CPU times: user 130 ms, sys: 200 ms, total: 330 ms
Wall time: 45.7 s


Give me a summary of coding progress so far

In [11]:
summary_stats = [
    len(data['article'].unique()),
    len(data['code'].unique())
]

print('Articles: {}\nCodes: {}'.format(*summary_stats))

Articles: 8
Codes: 63


# Axial Coding

In [12]:
def walkTheYaml(parent, children, func):
    """ A recursive, pre-order traversal of the code groups YAML structure"""
    for child in children:
        if isinstance(child, str):
            # Leaf nodes are strings.
            func(parent, child, True)
        elif isinstance(child, dict):
            # Interior nodes are dictionaries.
            key = list(child.keys())[0]
            func(parent, key, False)
            walkTheYaml(key, child[key], func)

Double check that every code generated from open coding has been covered in the hierarchy

In [14]:
root = 'Wrangling'
leaves = []
gatherLeaves = lambda p, c, l: leaves.append(c.lower()) if l else None

with open('axial.yaml', 'r') as f:
    code_hierarchy = yaml.safe_load(f)

walkTheYaml(root, code_hierarchy, gatherLeaves)
pdf_codes = set(data['code'].unique())

diff = set(pdf_codes) - set(leaves)
if (len(diff) == 0):  # is null set
    print("All codes have been grouped üòé")
else:
    print("Not all codes accounted for! ")
    print('\n'.join([ '- ' + d for d in list(diff)]))
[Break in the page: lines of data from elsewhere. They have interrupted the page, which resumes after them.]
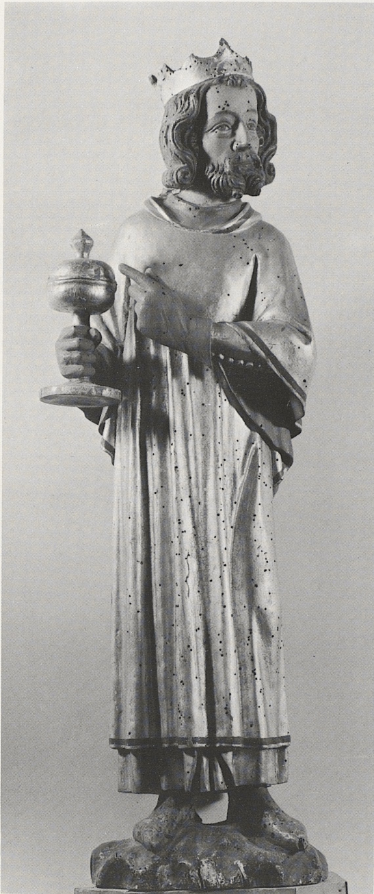
169 a und b Statuetten der hl. Drei Könige, Köln, Mitte des 14. Jahrhunderts, Kat. Nr. 141
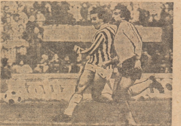
Michel Platini (cu tricou în dungii) — internațional francez — ultima mare vedetă a fotbalului italian, conducătorul de joc al noii sale formații, Juventus Torino.
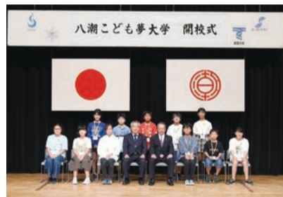
令和4年度開校式の様子

Not all codes accounted for! 
- extract date from datetime column


## Display hierarchy

### Notes on Codes

* **Formulate performance metric**: specifying a calculation that is later used to compare different entities. A recurring theme between many of these notebooks is to compare different entities, such as political parties, by a common, quantitative metric, such as percentage of all newly registered voters.
* **Figure a rate**: any operation that considers one group's relation to the whole. This code covers: simple rational numbers, percentages, and per-1000 rates.
* **Merge metadata**: Joining an auxilary table to the primary table to provide context to the phenomenon currently being analyzed.
* **Detrend data**: "filter out the secular effect in order to see what is going on specifically with the phenomenon you are investigating," Philip Meyer in *Precision Journalism*. This includes adjusting for inflation, population growth, and season. 
* **Count in table** denotes looking up the total rows in a table as well as the number of unique values in a column.
* **Intra-column arithmetic** refers to any arithmetic operation, including count, on all values within a column.
* **Inter-column arithmetic** refers to any arithmetic operation on all vaues between columns. 
* **Extract data from non-tabular form** includes scraping data from the web, parsing structured ASCII data (such as .fec files)
* **De-null data**: drop table rows where a column value is null.
* **melt table** refers to ??

* **Change dataset resolution** refers to decreasing, usually but not necessarily, the granularity of observations represents as rows in the table. Changes to dataset resolution often are caused by aggregation operations. For example, if every row in a table represents the date of an observation, then the dataset can be grouped by a coarser time interval, such as month, and aggregate quantitative values, such as sum or mean, can be computed.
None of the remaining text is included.